On the other hand, evolutionists generally consider the egg-laying mode of reproduction to be more primitive than live-bearing. Some reptiles retain their eggs internally until they are fully developed and give birth to live young. Therefore, according to Sander, “Observations on lizards show that live bearing evolves readily from egg laying (by embryo retention) but not the other way around.”16
Since the fossil record doesn’t seem to support what evolutionists generally consider the sensible order of development, Sander in his review tries to answer the question, “If egg-laying really is more primitive, then where are all the early egg-laying mammals?” He concludes that during the evolution of the egg, the membranes in which amniote embryos are wrapped had to evolve long before the calcified shell. Therefore, he believes leathery-shelled eggs, which would not have easily fossilized, must have been prevalent in primitive amniotes, including mammals. Then 90 million years later, by the time calcified shells evolved, he maintains, mammals and other amniotes had diversified and filled the world’s habitats.
Most mammals, of course, do not lay eggs. Sander is suggesting that since egg-laying seems more primitive, early mammals must have laid eggs even though there is no actual evidence for it. He concludes that the earliest mammals to evolve must therefore have laid leathery soft-shelled eggs that would not be expected to fossilize well. He advises a diligent search for “fossils of early amniote embryos and eggs”16 in order to put the pieces together and elucidate the evolutionary history of amniotes. “These eggs are probably out there,” Sander says, “but nobody has looked hard enough for them or they have not been recognized.”
Evolutionists see the more elaborate egg—one with protective membranes and a soft shell—as an evolutionary advance. The calcified shell in their view is an additional advance. And since organisms with such an egg—amniotes—are able to reproduce outside of water—unlike amphibians with their exposed jelly-like eggs—evolutionists believe egg evolution enabled land animals to evolve. (Remember, they also believe the marine mammals represent a return to the water later in the evolutionary saga.) Furthermore, they believe increasingly complex behavior had to evolve along with the shelled egg, as fertilization must take place before the eggs are laid.
What is the proof that any of this is true? There is none. There is no proof that either scenario actually happened. The author in this article debates the order in which evolution happened because the actual evidence doesn’t really fit either.
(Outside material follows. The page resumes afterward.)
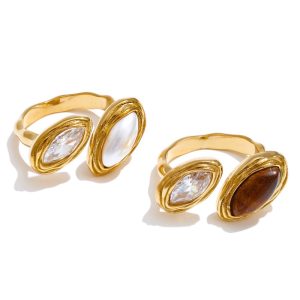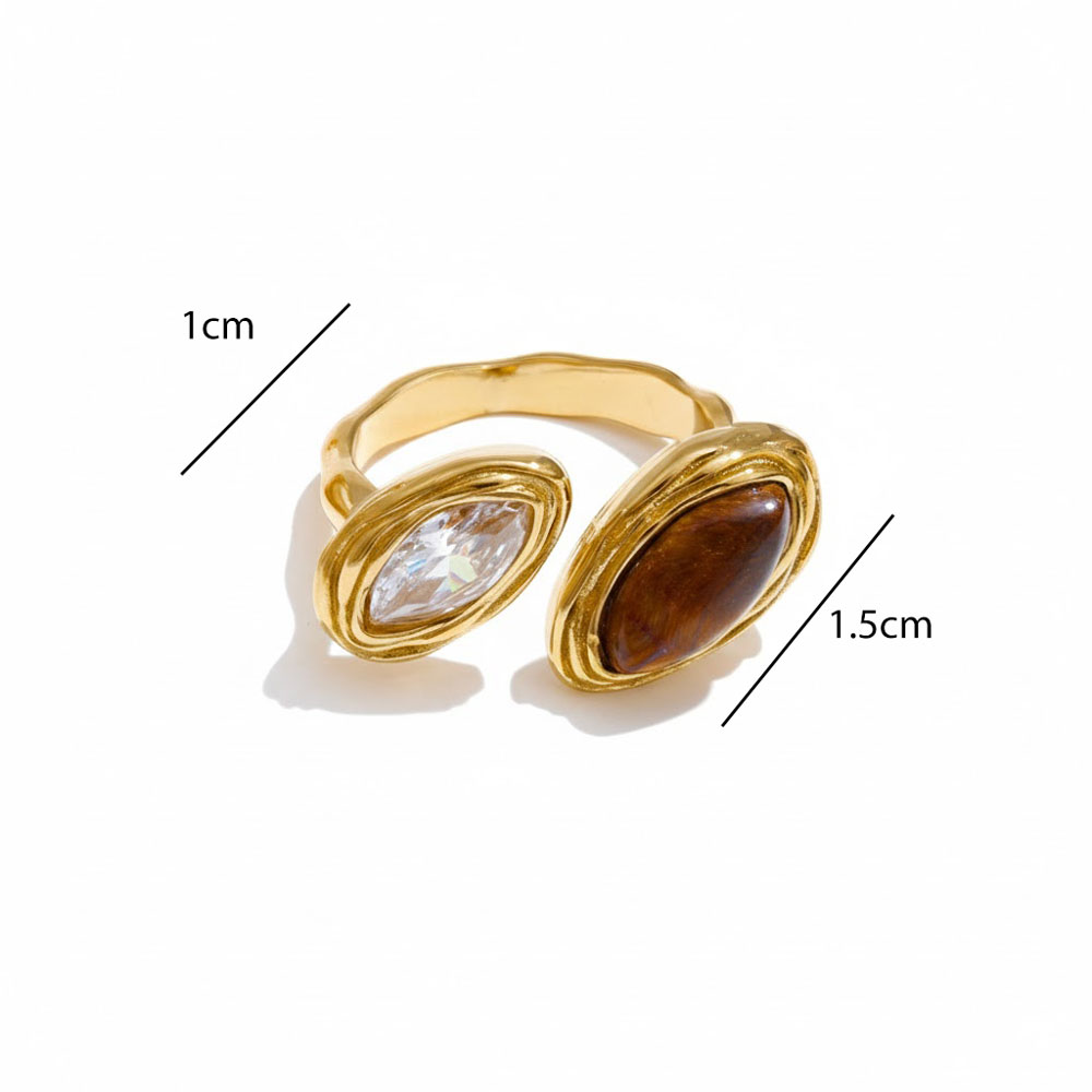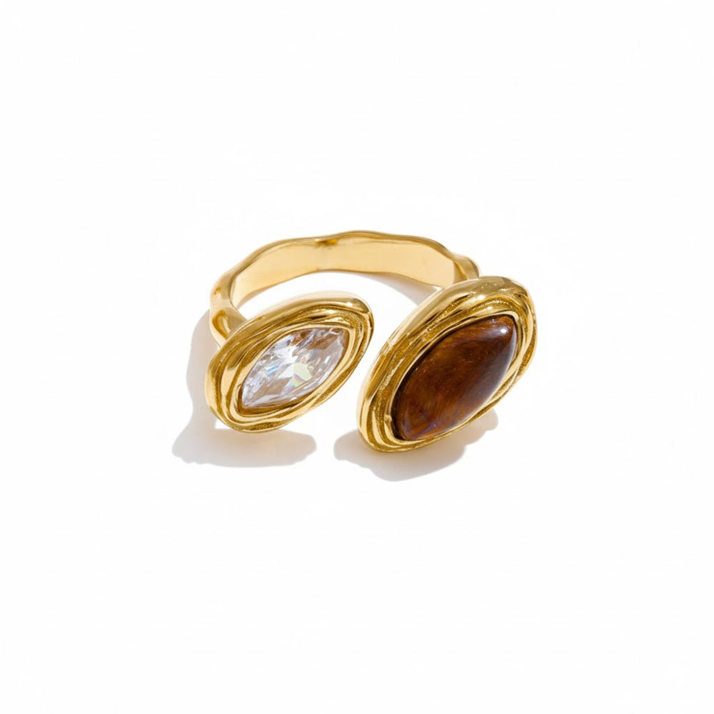 Κομψό δαχτυλίδι από ανοξείδωτο ατσάλι με διπλή οβάλ πέτρα, μία καφέ τύπου tiger eye και μία διαφανή κρυστάλλινη, που χαρίζει ιδιαίτερο και μοντέρνο χαρακτήρα στο στυλ σας. Διαθέτει προσαρμοζόμενο μέγεθος για άνετη εφαρμογή και είναι ιδανικό για καθημερινή χρήση αλλά και πιο ιδιαίτερες εμφανίσεις, προσφέροντας ανθεκτικότητα και διαχρονική κομψότητα.

The evidence is, however, consistent with biblical history. The Bible records the creation of all kinds of animals during the same week about 6,000 years ago. Those animals reproduced after their kinds using a variety of methods. Much of the fossil record reflects the order of burial in the rising turbulent waters of the global Flood. None of the fossil record represents the order in which animals evolved because they didn’t evolve. Hence, the fossil record of the evolution of early mammalian egg-layers is missing because, well, they didn’t evolve.
Egg variety does not demonstrate evolutionary ascent but just different kinds of eggs suitable for different habitats and lifestyles. Common designs using membranes wrapped around embryos were suitable for a number of different amniotes, those with soft shells, those with calcified shells, and those with no shells. And the unshelled jelly-like eggs of amphibians and fish are suitable for their lives, not proof they represent a primitive less evolved form. It’s not evolution, just eggs.